ERCOT refers to the electric grid operated by the Reliability Council of Texas. If the PUC approves the Panhandle Loop plan, it would connect power producers in the area with customers in Dallas, Austin, even San Antonio.
The $1.5 billion dollar transmission system would harness power through wind farms. And Lambert says Clarendon is perfectly positioned for the kind of upward or downward wind that’s needed.
“Communities that have farmland on the edge of the caprock are going to benefit the most because they’ll have the most desirable location for these wind farms,” says Lambert.
The Loop requires 800 miles of electric transmission lines connected in a fingerlike layout. One would start in Amarillo and head southeast through Donley and Hardeman county.
“It’s such a good thing for the surrounding area to get a project to come to this area, most times we feel left out like everything goes but this is a good project,” says Mark White, the Mayor of Clarendon.

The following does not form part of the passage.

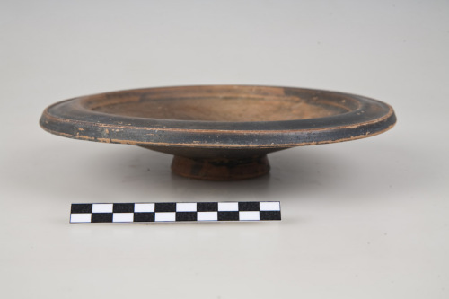 Piatto con labbro a tesa a profilo sinuoso, orlo distinto appiattito e obliquo verso il basso, vasca a profilo esterno troncoconico con lieve carena nella parte superiore, piede ad anello troncoconico, fondo esterno del piede con umbone di tornitura. Allinterno della vasca al centro, decorazione impressa con 5 stampiglie circolari con testa di divinità elmata verso d., a rilievo,tratte probabilmente da un castone di età romano-repubblicana. Le stampiglie sono disposte 4 sugli assi ortogonali e una al centro (Le stesse stampiglie si trovano sullle ciotole IG 13906, 13908, 13911, dello stesso corredo funerario). Disco di impilamento centrale sottolineato da solcatura circolare.

The loop would be deemed open access. Meaning any wind coal or natural gas generator is welcome to use the system to access the ercot power market.
“If you can pay or get arrangement or a grant to hook into it, you can sell the wind, it’s going to be a free market,” says Lambert.
Which could bring a lot of people to the Clarendon area to live and work.
“It’s going to be huge change for our county and almost every county in the panhandle and it’s about dog-gone time,” says Lambert.
The Public Utility Commission should come to a decision on the Panhandle Loop in the next few weeks. If it passes, the loop could be complete by 2010.